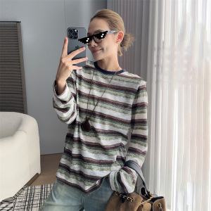 MY 绿野仙踪针织衫 撞色条纹休闲宽松圆领长袖上衣
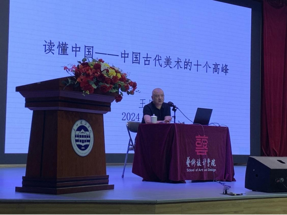 讲座上,王见教授结合原始彩陶、青铜、漆艺、丝绸、陶瓷、书法、汉画像石、壁画及水墨画等我国古代美术集大成之作,讲述中国古代各式艺术的历史与发展。纵观国内外美术界,以独到的观点阐述我国美术的独特地位与高度。
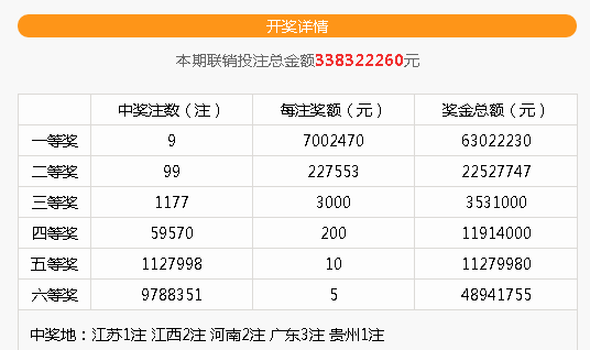 當期的9注一等獎分別被來自江蘇、江西、河南、廣東和貴州的彩友收獲。其中廣東獨攬3注成為當期頭獎最大贏家。
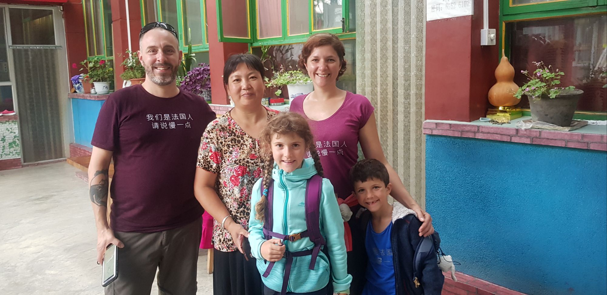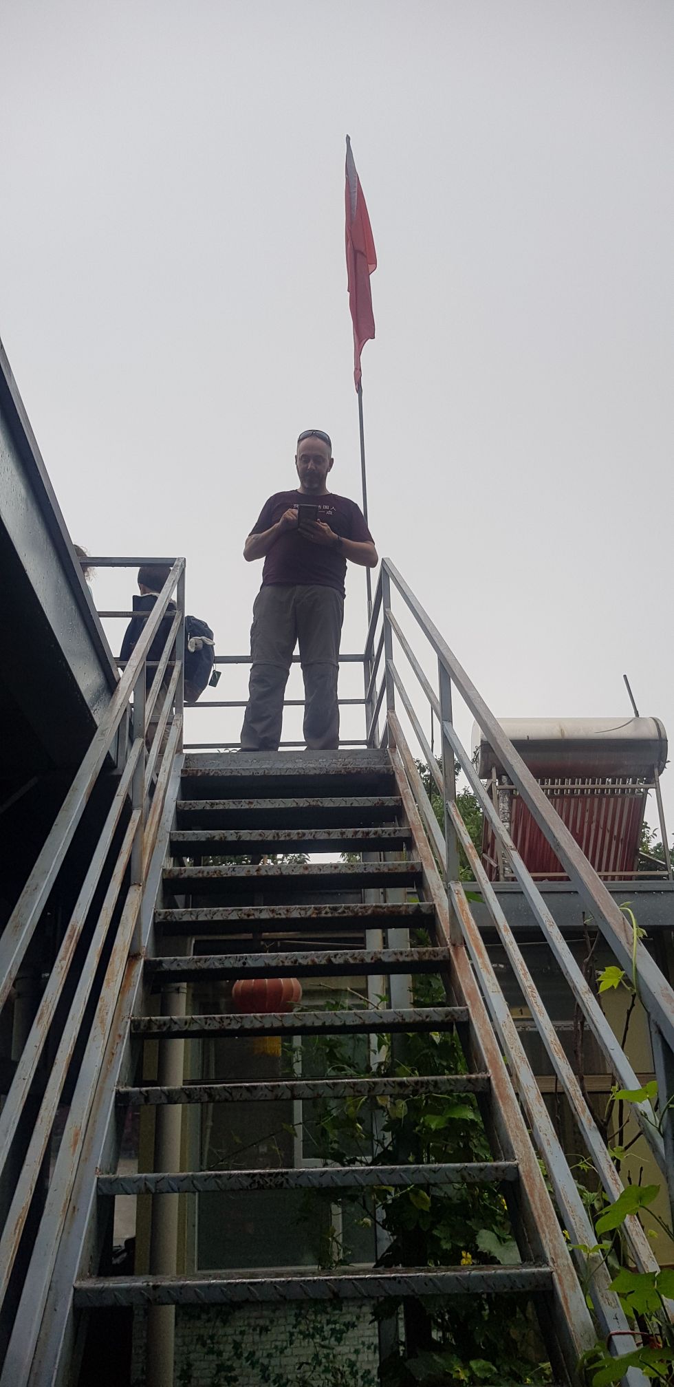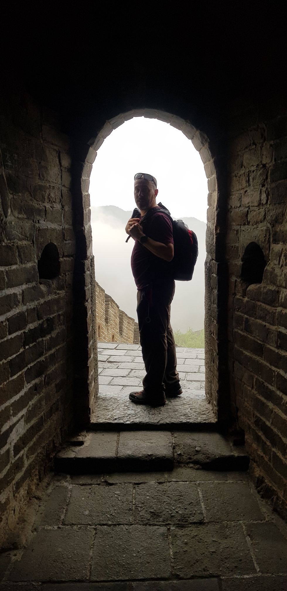 Après un petit déjeuner extrêmement bon pris dans notre auberge, nous partons en direction de la muraille. Le lieu ressemble à un parc d’attraction ! En Chine aujourd’hui, l’accès à la plupart des sites naturels sont réglementés et payants. Heureusement nous y sommes un peu avant 8h ce qui nous permet d’être vraiment dans un endroit désert. Nous montons à pied et gravissons les centaines de marches jusqu’à la muraille. 45 minutes de montée plus tard, je peux vous dire qu’on souffle et c’est en nage que nous atteignons la 1ère tour !
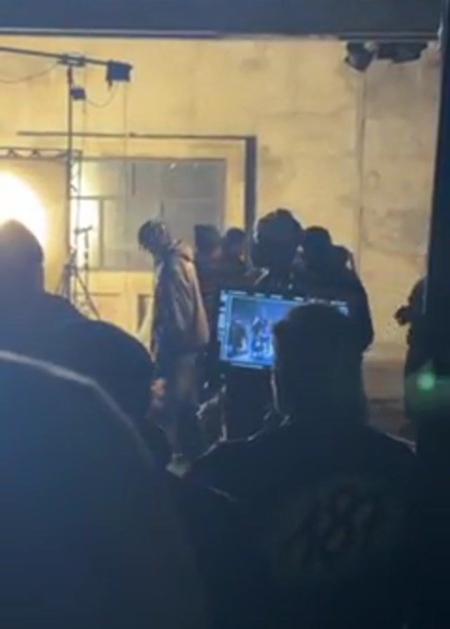film set inside a building with a high ceiling and visible brickwork. A group of people, mostly silhouetted, are gathered around a monitor, seemingly reviewing footage. Lighting equipment is visible, and individuals are walking around the set, possibly preparing for the next shot.

○ ○ ○

*Required work*: Restate each line of the material word for word, skipping any picture.

*Task solution*:
 MY 绿野仙踪针织衫 撞色条纹休闲宽松圆领长袖上衣
 讲座上,王见教授结合原始彩陶、青铜、漆艺、丝绸、陶瓷、书法、汉画像石、壁画及水墨画等我国古代美术集大成之作,讲述中国古代各式艺术的历史与发展。纵观国内外美术界,以独到的观点阐述我国美术的独特地位与高度。
 當期的9注一等獎分別被來自江蘇、江西、河南、廣東和貴州的彩友收獲。其中廣東獨攬3注成為當期頭獎最大贏家。
 Après un petit déjeuner extrêmement bon pris dans notre auberge, nous partons en direction de la muraille. Le lieu ressemble à un parc d’attraction ! En Chine aujourd’hui, l’accès à la plupart des sites naturels sont réglementés et payants. Heureusement nous y sommes un peu avant 8h ce qui nous permet d’être vraiment dans un endroit désert. Nous montons à pied et gravissons les centaines de marches jusqu’à la muraille. 45 minutes de montée plus tard, je peux vous dire qu’on souffle et c’est en nage que nous atteignons la 1ère tour !
film set inside a building with a high ceiling and visible brickwork. A group of people, mostly silhouetted, are gathered around a monitor, seemingly reviewing footage. Lighting equipment is visible, and individuals are walking around the set, possibly preparing for the next shot.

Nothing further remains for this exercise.